» What to produce: Below are entries. Reproduce exactly the lines between the line holding "The JoJo Floaty" and the line holding "(645) عن علىِّ", inclusive, and only those.

======== Data to use ========

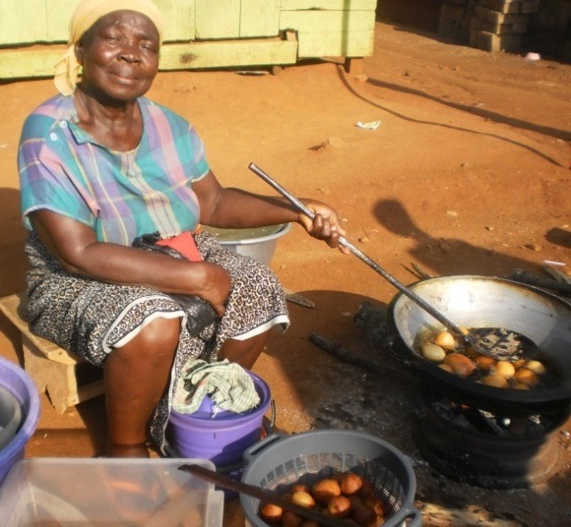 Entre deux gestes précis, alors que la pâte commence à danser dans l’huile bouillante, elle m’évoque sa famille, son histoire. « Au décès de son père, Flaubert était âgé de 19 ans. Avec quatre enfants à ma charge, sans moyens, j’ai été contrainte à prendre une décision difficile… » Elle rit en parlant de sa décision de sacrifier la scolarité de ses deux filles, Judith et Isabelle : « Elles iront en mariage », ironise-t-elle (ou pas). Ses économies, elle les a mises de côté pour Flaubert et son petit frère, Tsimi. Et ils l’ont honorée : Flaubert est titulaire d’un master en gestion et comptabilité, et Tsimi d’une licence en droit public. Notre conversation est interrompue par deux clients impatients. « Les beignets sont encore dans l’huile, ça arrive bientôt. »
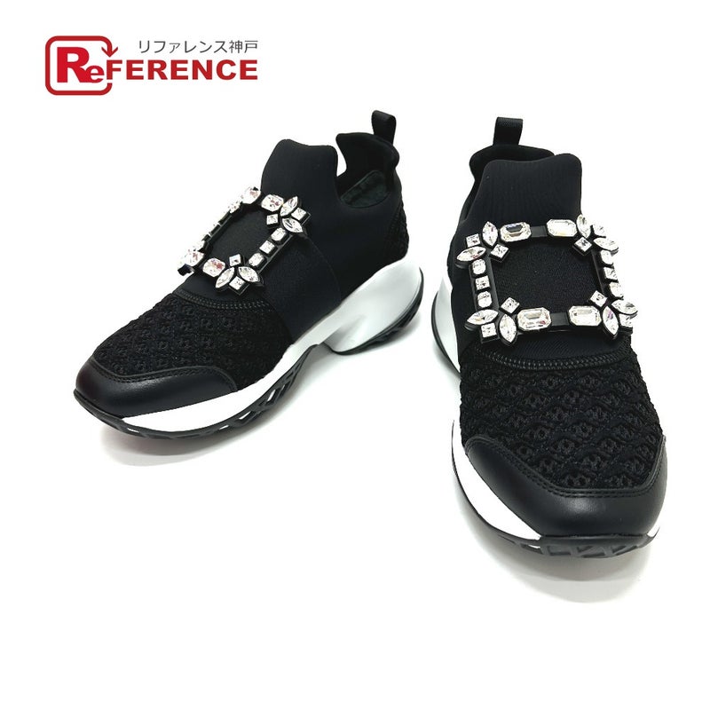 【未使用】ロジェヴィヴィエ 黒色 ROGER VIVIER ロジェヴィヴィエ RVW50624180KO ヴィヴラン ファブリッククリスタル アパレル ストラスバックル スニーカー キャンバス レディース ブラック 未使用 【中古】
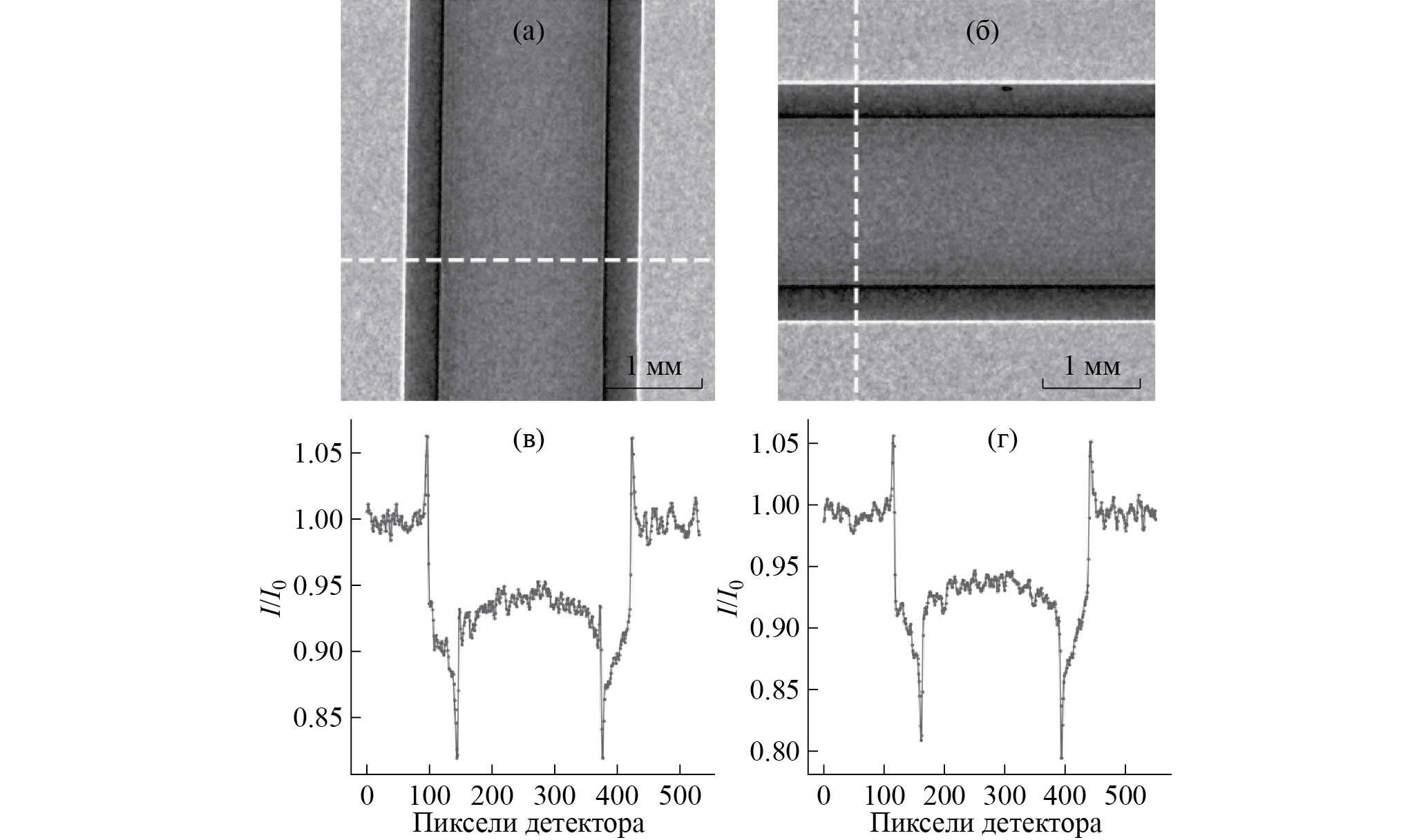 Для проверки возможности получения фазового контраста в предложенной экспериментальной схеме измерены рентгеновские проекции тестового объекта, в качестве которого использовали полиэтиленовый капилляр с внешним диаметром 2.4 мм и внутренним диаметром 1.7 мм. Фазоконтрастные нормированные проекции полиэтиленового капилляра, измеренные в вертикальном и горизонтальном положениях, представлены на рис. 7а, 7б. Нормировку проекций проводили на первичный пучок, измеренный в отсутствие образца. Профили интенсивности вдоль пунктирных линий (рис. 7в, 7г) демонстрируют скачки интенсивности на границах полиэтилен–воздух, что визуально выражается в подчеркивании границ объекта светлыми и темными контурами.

========
======== Data to use ========

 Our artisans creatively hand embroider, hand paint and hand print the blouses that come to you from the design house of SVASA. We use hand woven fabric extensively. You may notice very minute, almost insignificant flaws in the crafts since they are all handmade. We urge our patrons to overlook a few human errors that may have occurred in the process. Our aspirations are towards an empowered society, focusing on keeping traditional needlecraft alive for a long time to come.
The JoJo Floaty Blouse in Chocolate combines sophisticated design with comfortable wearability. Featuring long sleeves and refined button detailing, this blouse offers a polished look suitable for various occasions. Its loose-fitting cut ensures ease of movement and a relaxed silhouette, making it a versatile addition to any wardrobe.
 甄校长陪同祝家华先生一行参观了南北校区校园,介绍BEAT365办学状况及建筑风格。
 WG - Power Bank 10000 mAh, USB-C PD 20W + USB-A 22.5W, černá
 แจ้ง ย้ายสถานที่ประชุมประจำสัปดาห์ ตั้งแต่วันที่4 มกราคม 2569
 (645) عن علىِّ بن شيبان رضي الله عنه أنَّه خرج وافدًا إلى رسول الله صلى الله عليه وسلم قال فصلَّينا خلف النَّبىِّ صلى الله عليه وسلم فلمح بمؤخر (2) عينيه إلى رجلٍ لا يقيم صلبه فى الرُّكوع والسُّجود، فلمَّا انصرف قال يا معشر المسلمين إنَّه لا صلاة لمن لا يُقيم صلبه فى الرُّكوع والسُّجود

========

» Solution to the problem:
The JoJo Floaty Blouse in Chocolate combines sophisticated design with comfortable wearability. Featuring long sleeves and refined button detailing, this blouse offers a polished look suitable for various occasions. Its loose-fitting cut ensures ease of movement and a relaxed silhouette, making it a versatile addition to any wardrobe.
 甄校长陪同祝家华先生一行参观了南北校区校园,介绍BEAT365办学状况及建筑风格。
 WG - Power Bank 10000 mAh, USB-C PD 20W + USB-A 22.5W, černá
 แจ้ง ย้ายสถานที่ประชุมประจำสัปดาห์ ตั้งแต่วันที่4 มกราคม 2569
 (645) عن علىِّ بن شيبان رضي الله عنه أنَّه خرج وافدًا إلى رسول الله صلى الله عليه وسلم قال فصلَّينا خلف النَّبىِّ صلى الله عليه وسلم فلمح بمؤخر (2) عينيه إلى رجلٍ لا يقيم صلبه فى الرُّكوع والسُّجود، فلمَّا انصرف قال يا معشر المسلمين إنَّه لا صلاة لمن لا يُقيم صلبه فى الرُّكوع والسُّجود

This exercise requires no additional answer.